The paper introduces Dirac synchronization, a locally coupled, topology-driven framework that couples node and link phases via the topological Dirac operator and adaptive, time-dependent phase lags. On fully connected networks, the model exhibits an explosive forward transition at σ_c = 2.14623…, a continuous backward transition at σ_b ≈ 1.66229…, and a stable hysteresis loop. The coherent phase is predominantly non-stationary (rhythmic), with oscillatory order parameters persisting over a broad parameter range and becoming the only coherent phase as N→∞. Theoretical analysis (continuity equation with generalized OA ansatz, stability of incoherence, and approximate treatment of the rhythmic phase) aligns with numerical simulations, including finite-size scaling.

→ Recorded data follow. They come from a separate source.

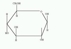 Глюкоза — моносахарид, одна из восьми изомерных альдогексоз. Молярная масса 180 г/моль. Глюкоза в виде D-формы (декстоза, виноградный сахар) является самым распространённым углеводом. D-глюкоза (обычно её называют просто глюкозой) встречается в свободном виде и в виде олигосахаридов (тростниковый сахар, молочный сахар), полисахаридов (крахмал, гликоген, целлюлоза, декстран), гликозидов и других производных. В свободном виде D-глюкоза содержится в плодах, цветах и других органах растений, а также в животных тканях (в крови, мозгу и др.). D-глюкоза является важнейшим источником энергии в организмах животных и микроорганизмов. Как и другие моносахариды D-глюкоза образует несколько форм. Кристаллическая D-глюкоза получена в 2-х формах: a -D-глюкоза (рисунок 1) и b -D-глюкоза (рисунок 2).
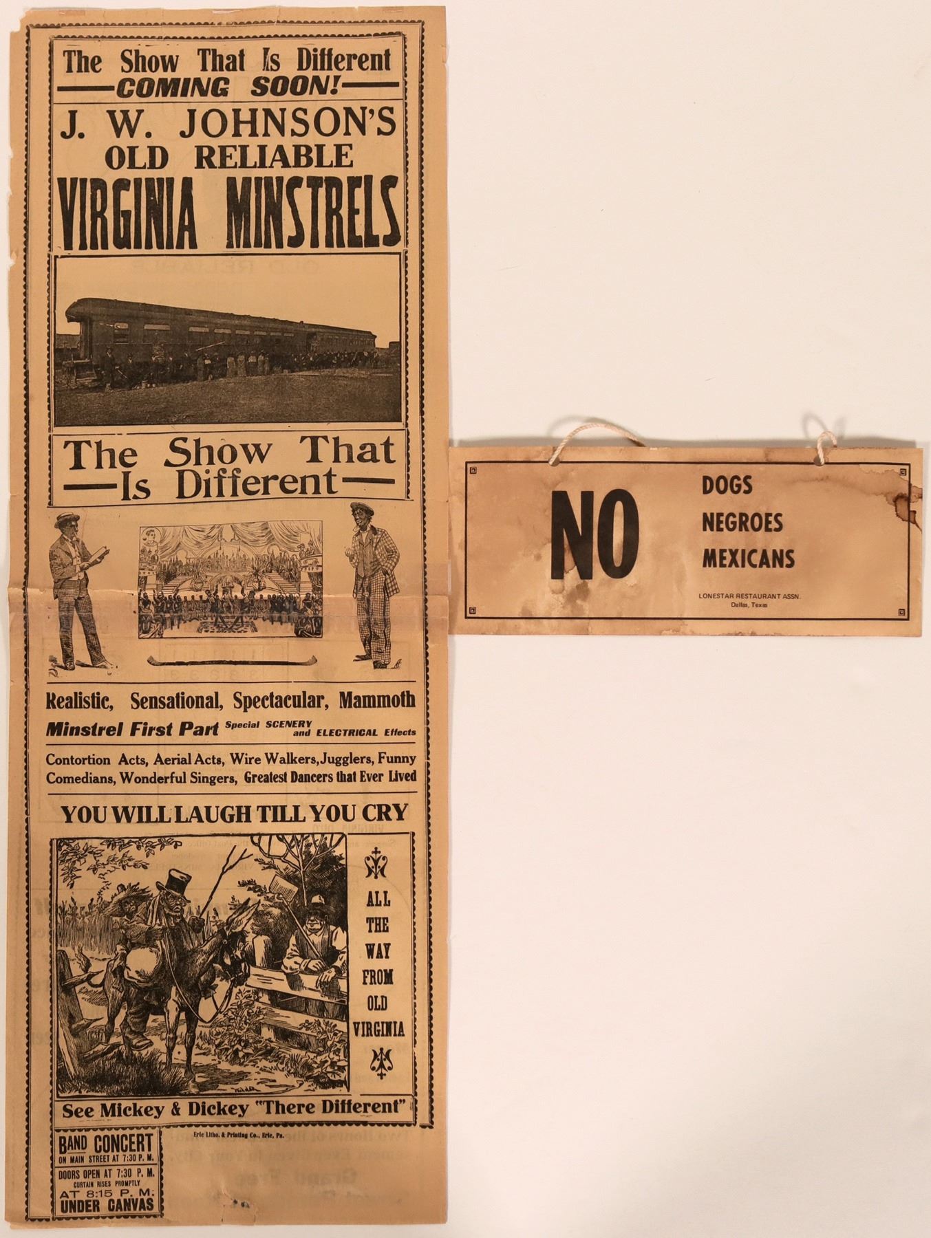 Lot of two. 1) J. W. Johnson's 'Old Reliable' Virginia Minstrels. Example of stereotyping based on race, yet definitely part of American hsitory. 2) 28 x 10" on newsprint. 2) Sign distributed by the Lonestar Restaurant Association out of Dallas, Texas. "one side says closed. The other says "No Dogs, Negroes or Mexicans." Another Example of this authentic sign can be found in the library of congress here https://www.loc.gov/exhibits/civil-rights-act/segregation-era.html
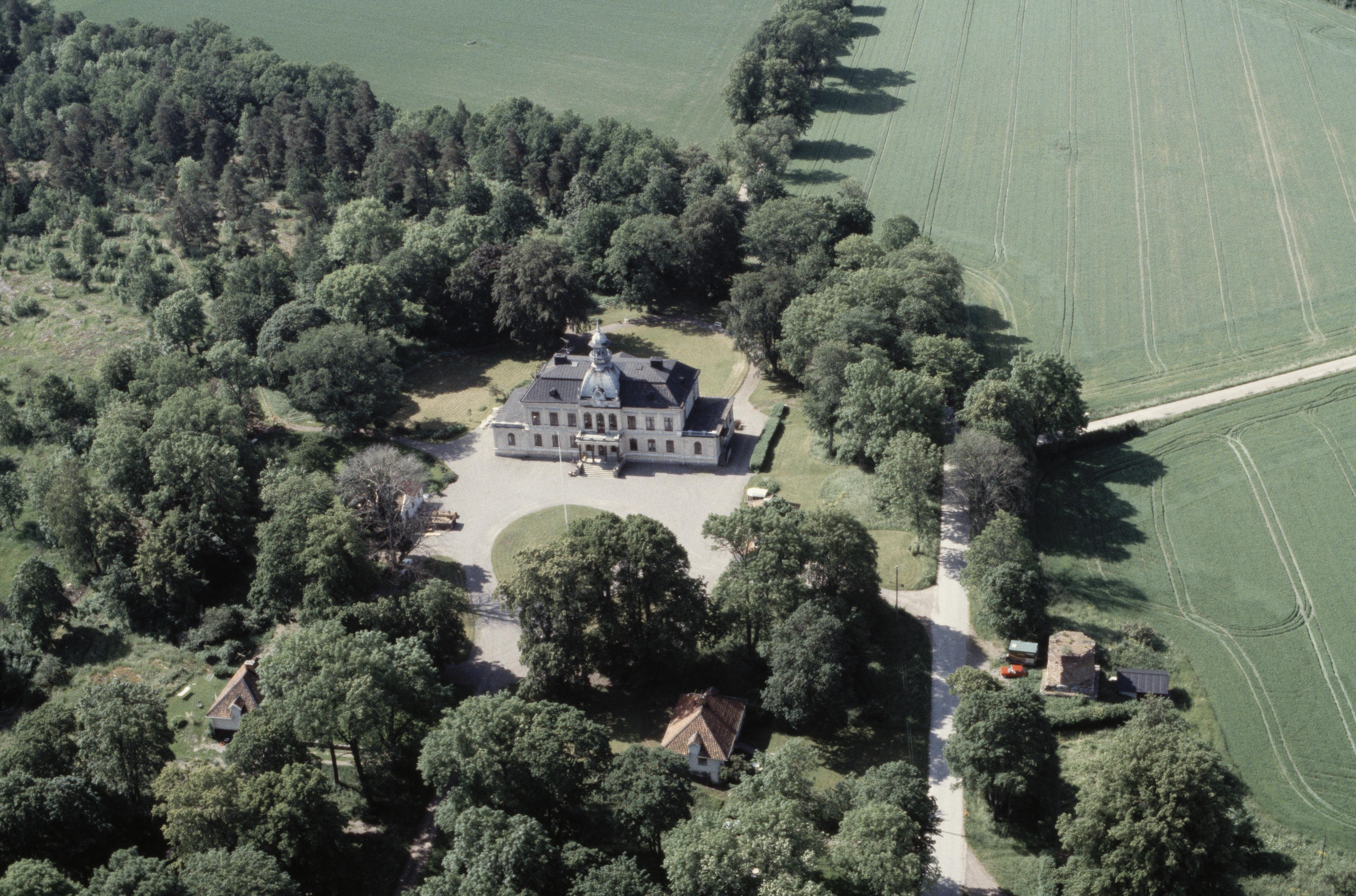 Beskrivning: Brogårds herrgård (skrivs även Bro Hof slott). Herrgården har underjordiska gångar till flygelbyggnaderna RAÄnr Bro 91:1. Bilden är tagen mot (väderstreck): S
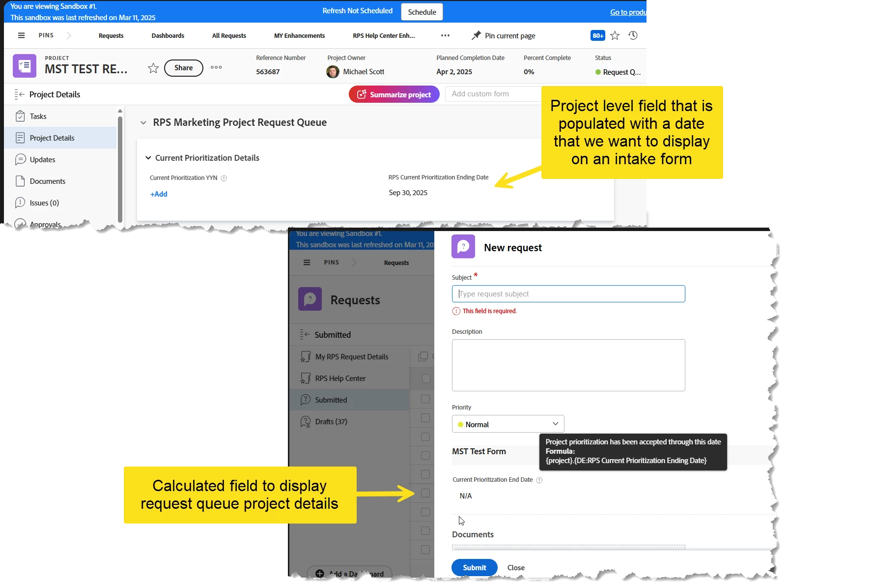 Idea: Allow ability to expose project level information on a request or issue form. We have a need to expose things like dates that allude to key deadlines or even things like key project data when submitting through issues on in process projects. This would help create much more flexible use of calculated fields and functionality that appears to be essentially there already.
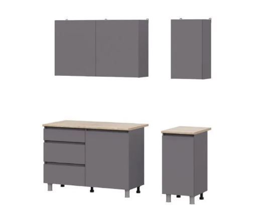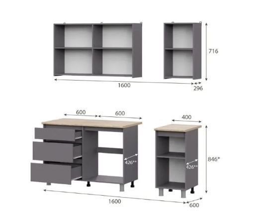 Гарнитур универсально подходит для кухни или студии, легко собирается из комплектующих. Совместимость с врезной мойкой уже учтена в конструкции.
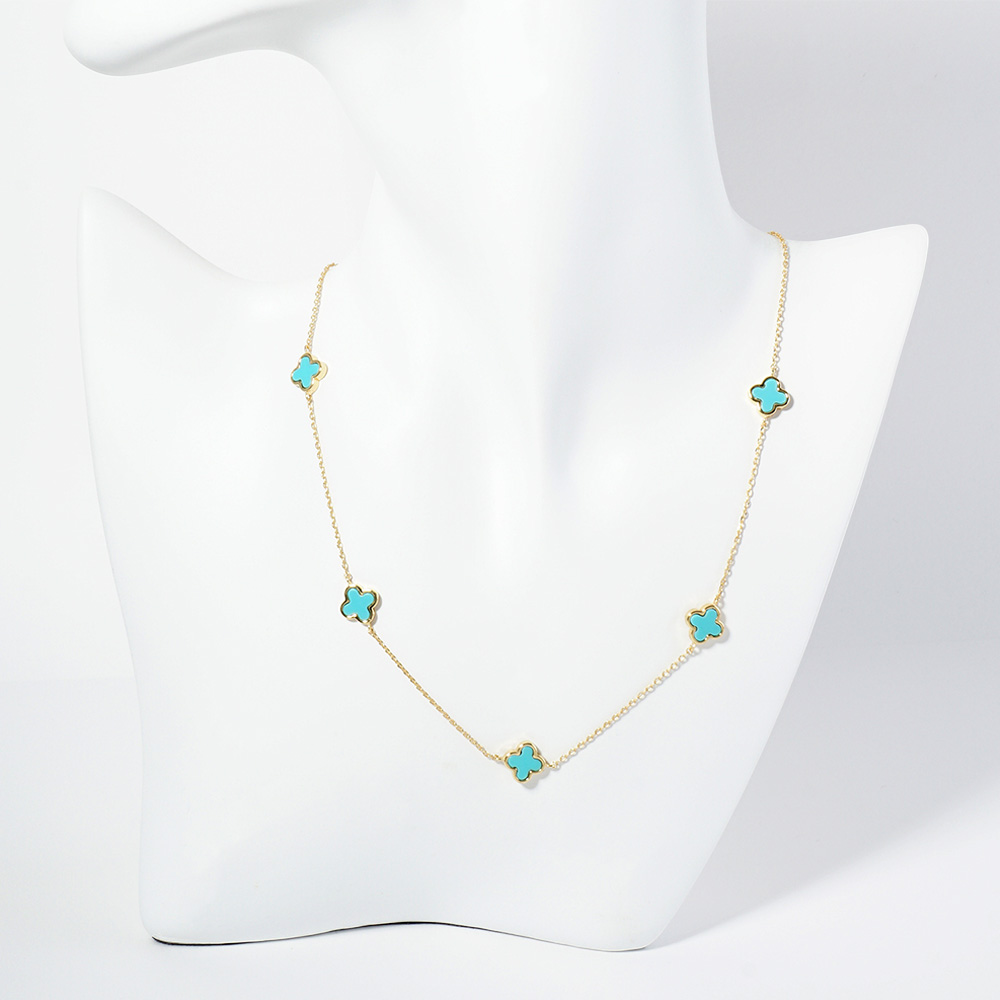 Gold Dipped Natural Stone Quatrefoil Station Necklace
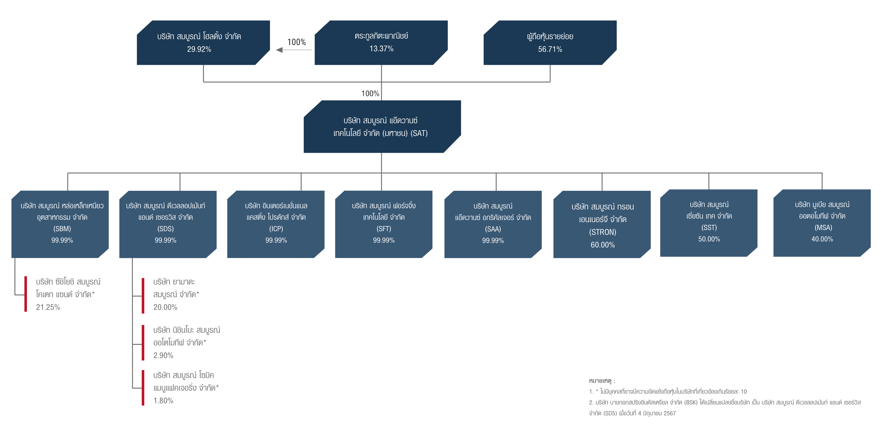 โครงสร้างการถือหุ้นของบริษัทสมบูรณ์ แอ๊ดวานซ์ เทคโนโลยี จำกัด (มหาชน)
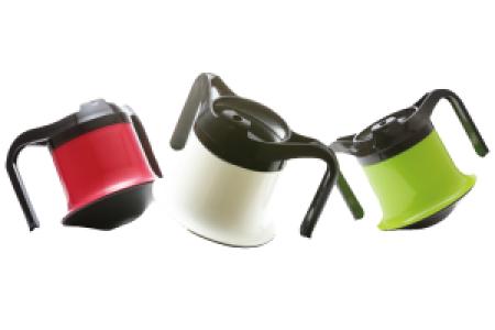 Drinkbeker met platte handgrepen en twee tuitdeksels

These results showcase a genuinely topological route to explosive synchronization distinct from previously proposed mechanisms and suggest potential relevance for modeling brain rhythms. Future research directions include: (i) extending analysis beyond fully connected graphs to sparse, heterogeneous, and real-world networks (e.g., brain connectomes); (ii) generalizing to simplicial complexes with higher-order Dirac operators to couple signals on higher-dimensional simplices; and (iii) exploring data-driven applications and parameter inference for empirical systems with edge-level dynamics.
- Network topology: The analytical treatment and most simulations focus on fully connected networks; behavior on sparse or structured networks (heterogeneous degrees, community structure) remains to be systematically characterized.
- Frequency distributions: Stationary coherent states require bounded frequency support; with Gaussian (unbounded) frequencies, stationary coherence disappears as N→∞, limiting stationary analyses to finite-size systems.
- Rhythmic phase theory: The non-stationary phase is addressed with approximate arguments and numerical observations; a full closed-form theory for oscillation frequencies and amplitudes under general conditions is not provided.
- Parameter choices: Numerical demonstrations use specific integration schemes, step sizes, and adiabatic protocols; while robust across tests, sensitivity to protocol variations in other topologies is not fully explored.
- Empirical validation: The study is theoretical/numerical; experimental validation in systems with measurable edge signals (e.g., synaptic dynamics, power-grid flows) is an open direction.